**INFORMATION PROVIDED:**

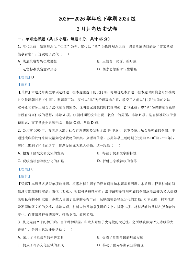 湖北省荆州市沙市中学2025-2026学年高二下学期3月月考 历史答案.docx
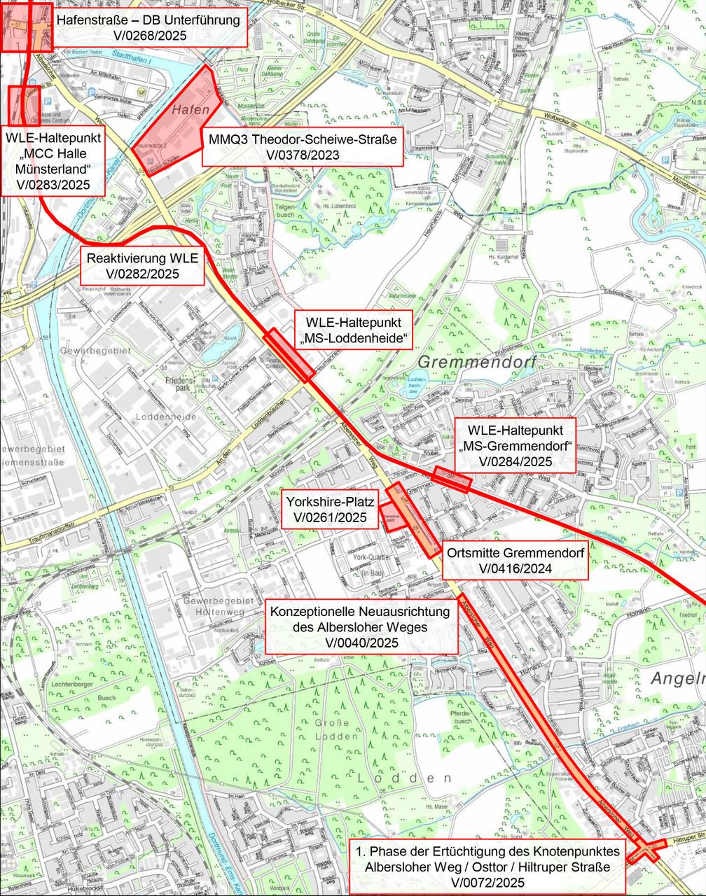 Durch das Bündel an Maßnahmen wird der Albersloher Weg als wichtige Verkehrsachse substanziell gestärkt und auch zukünftig seiner Funktion als Verbindung zwischen Münsters Innenstadt und der Region gerecht. In diesem Raum wird mit der Reaktivierung der Westfälischen Landeseisenbahn (WLE) ein weiteres und wichtiges Angebot des Umweltverbundes entstehen. Es vernetzt über neue Haltepunkte und Mobilstationen die Quartiere vom Stadthafen über das York-Quartier, die neue Mitte Gremmendorfs und die neuen Baugebiete bis in die Region.
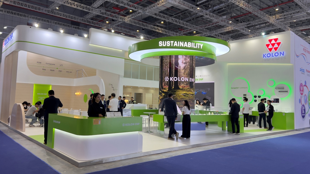 차이나플라스 2024 코오롱ENP 부스는 '지속가능성(Sustainability)'을 메인 테마로 꾸며졌다. 부스에는 친환경 소재, 차세대 모빌리티용 핵심소재, 복합소재 등 엔지니어링플라스틱 제품군 5종('PA & PBT', 'POM', 'TPC-ET', 'KompoGTe®)이 전시됐다.
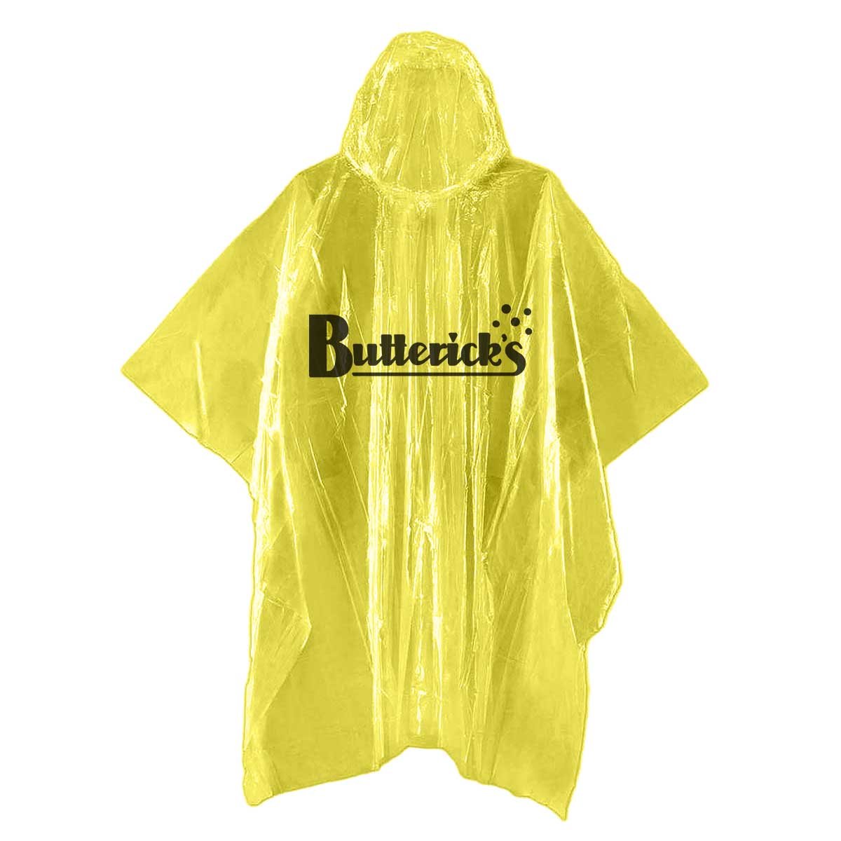 Gul regnponcho med svart Butterick's logga fram och bak.

**EXERCISE DIRECTIONS:** Exactly the lines running from the one with "차이나플라스 2024 코오롱ENP" through the end of the listing above must be output, both ends included. No pictures belong in the output.

**YOUR RESPONSE:**
 차이나플라스 2024 코오롱ENP 부스는 '지속가능성(Sustainability)'을 메인 테마로 꾸며졌다. 부스에는 친환경 소재, 차세대 모빌리티용 핵심소재, 복합소재 등 엔지니어링플라스틱 제품군 5종('PA & PBT', 'POM', 'TPC-ET', 'KompoGTe®)이 전시됐다.
 Gul regnponcho med svart Butterick's logga fram och bak.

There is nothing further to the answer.